Get the information of each cell at the pre-processing and mapping steps

cxzhu / Paired-Tag

Analysis of Paired-Tag datasets

MIT License

39 stars 15 forks source link

Get the information of each cell at the pre-processing and mapping steps #3

Closed ytang0831 closed 3 years ago

ytang0831 commented 3 years ago

Hi Chenxu! I encountered some confusion during the process of reproducing your data, but at the pre-processing and mapping steps, the QC information（eg. total reads, mapped reads） seems to come from the entire sample rather than a single cell. So, How can I split the sample into single cells individually, or is there another way to get information about individual cells？ Thanks a lot！

cxzhu commented 3 years ago

Hi @ytang0831,

Yes, the total reads & mapped reads are from all cells within the library in the preprocessing steps. After preprocessing, the cell IDs are attached to the Readnames of fastq files, you will need to ulitilize these information to do the single-cell QC.

Attached is one of the custom script I used to summarize metadata for single-cells, feel free to modify according to your need.

Best, Chenxu

summarize_mapped_reads_cells.pl.zip

ytang0831 commented 3 years ago

@cxzhu Thanks for your quick reply! But I still have some doubts here.

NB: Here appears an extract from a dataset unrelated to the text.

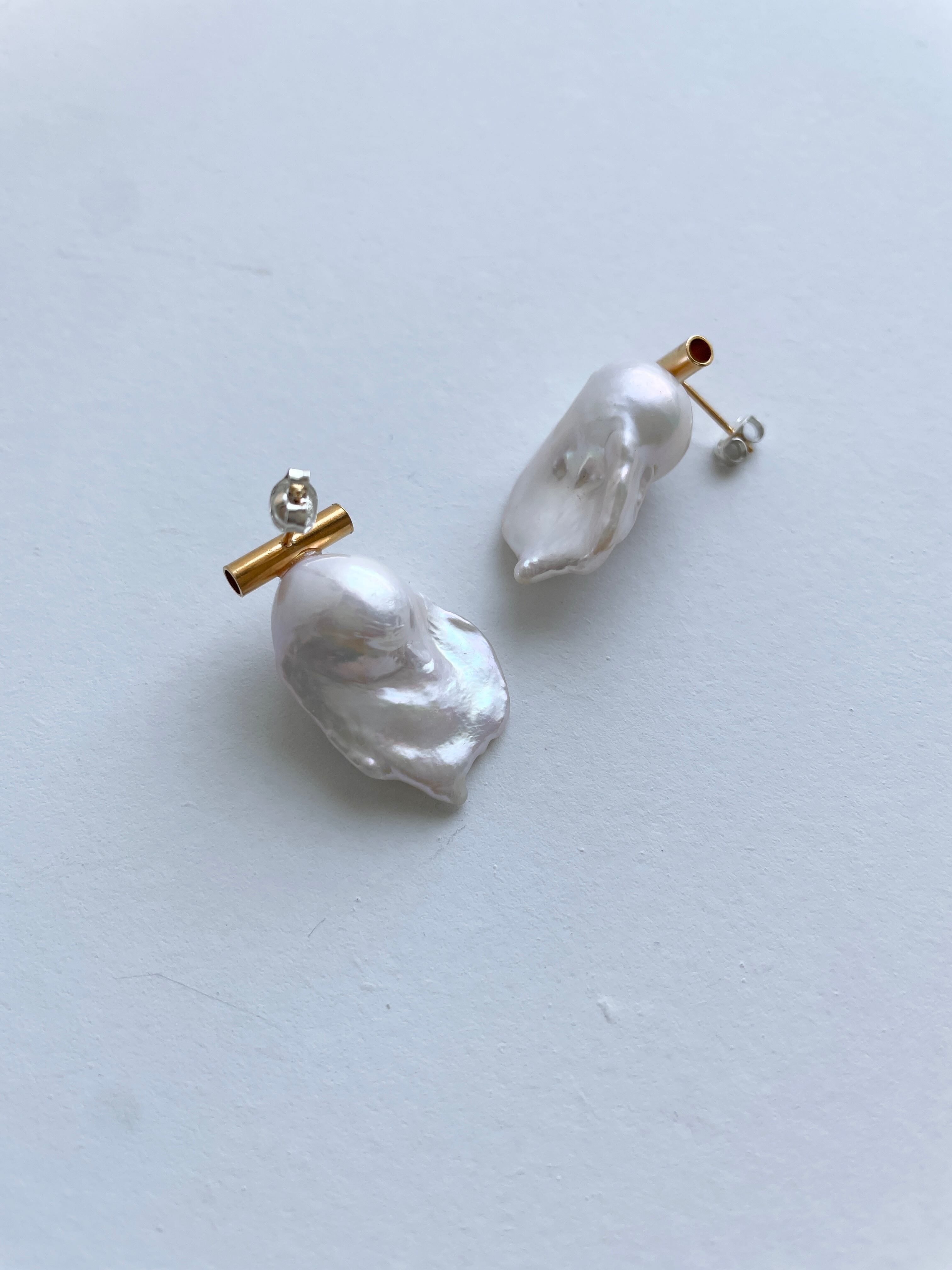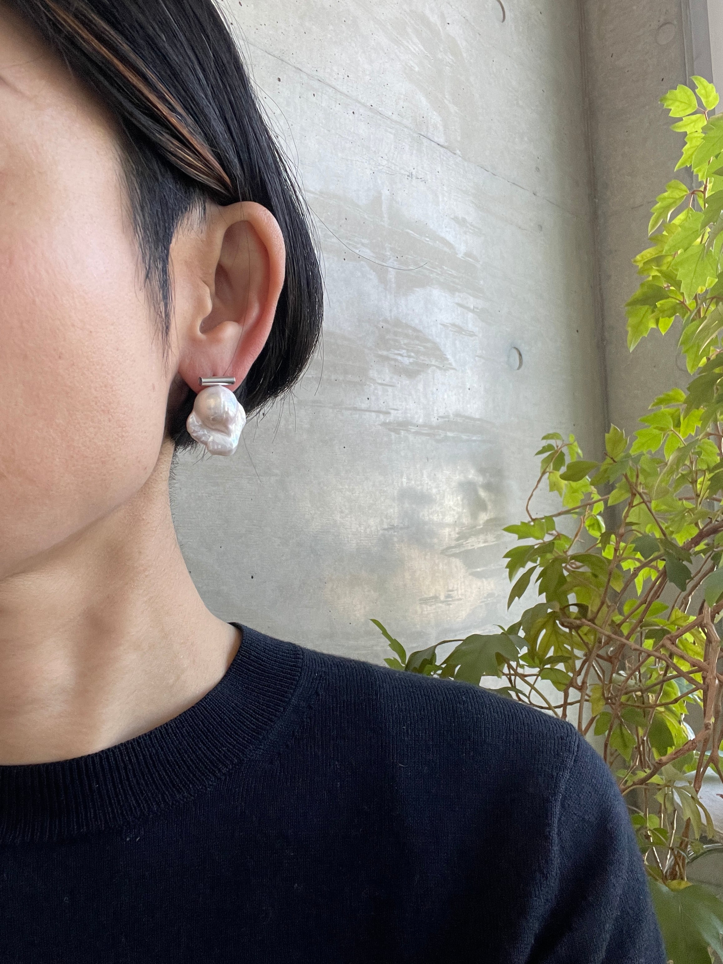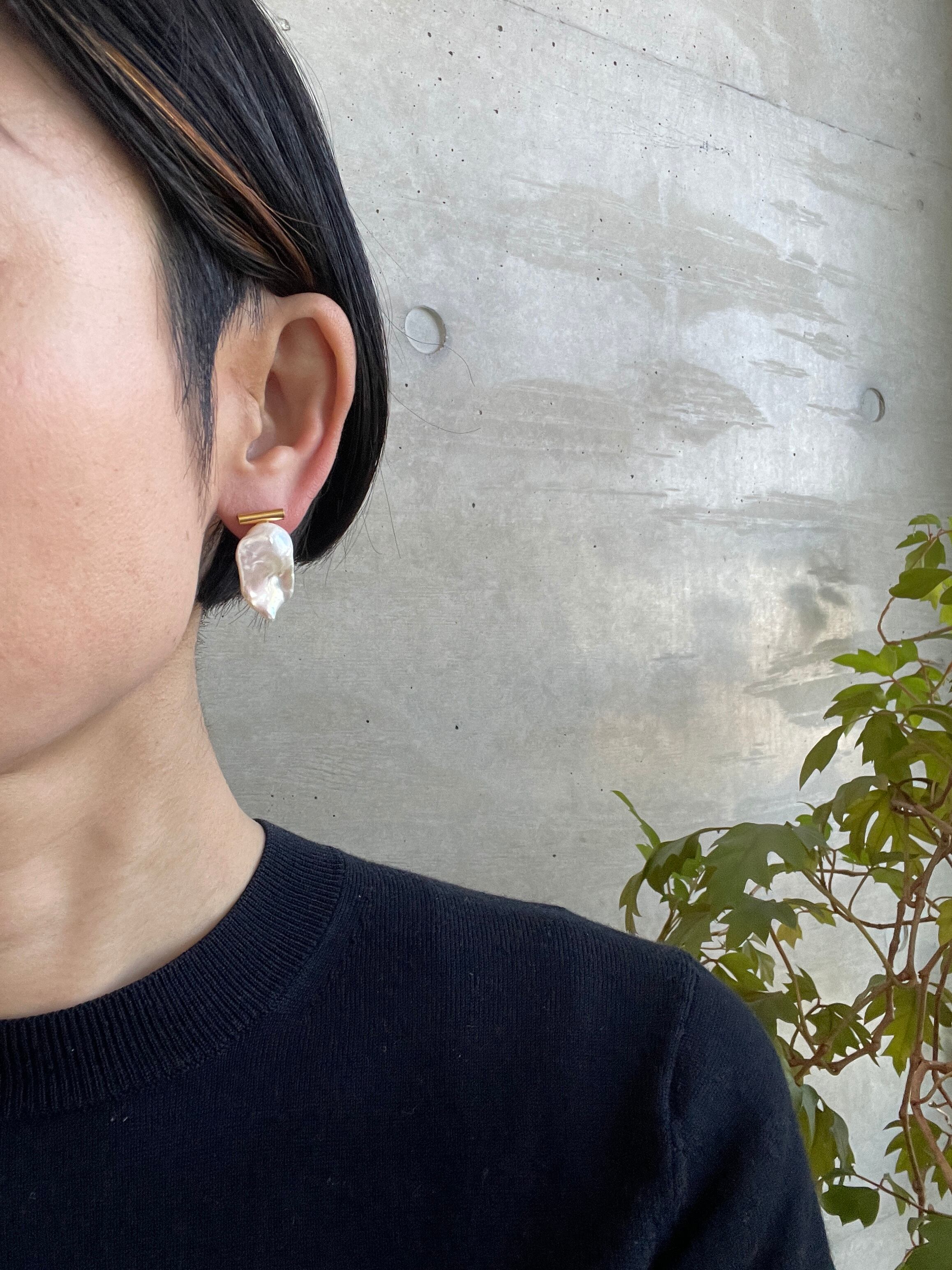 パールの形がユニークなピアス。

should I merge all sub libraries together? Because I use one sub library and found that the splited reads number in each cell was lower than the number in your paper.
According to your code，my $n_fragments_all = keys %{$unique_all{$cell_id}}; , the number of unique fragments should be the same as unique reads, but the number of unique fragments in your paper supplement files, the values are about half of unique reads，so did you calculate the number of unique fragments after removing duplicates? And other data such as the number of unique reads were calculated before removing duplicates?

cxzhu commented 3 years ago

Hi @ytang0831

Yes, you need to merge all sub-libraries as different sub-libraries were sequenced to different sequencing depths and thus may not represent the overall or most deeply sequenced library.
In Supplementary Table2, the "Uniquely_mapped_DNA/RNA_reads" are all mapped reads that uniquely assigned to a single genomic loci before removing duplicates; the "nFragements_DNA" or "UMI_RNA" are the remaining non-PCR duplicates reads (reads mapped to the same location with same UMI and Cell ID are considered as PCR duplicates). As the PCR duplicates are ~50-60%, it is expected this number is around half of uniquely mapped reads.

ytang0831 commented 3 years ago

@cxzhu Thanks！

ytang0831 commented 3 years ago

By the way, Does merging sub libraries mean merging all fasta.gz togher, then processing or just bind the output matrixes by column?

cxzhu commented 3 years ago

Hi @ytang0831, Yes, both options work. As a reminder, you need to keep cell_IDs from each sub-library distinguishable from other sub-libraries. Please refer to the README or the paper for more details.

ytang0831 commented 3 years ago

Yes, I did overlook this information, Thanks!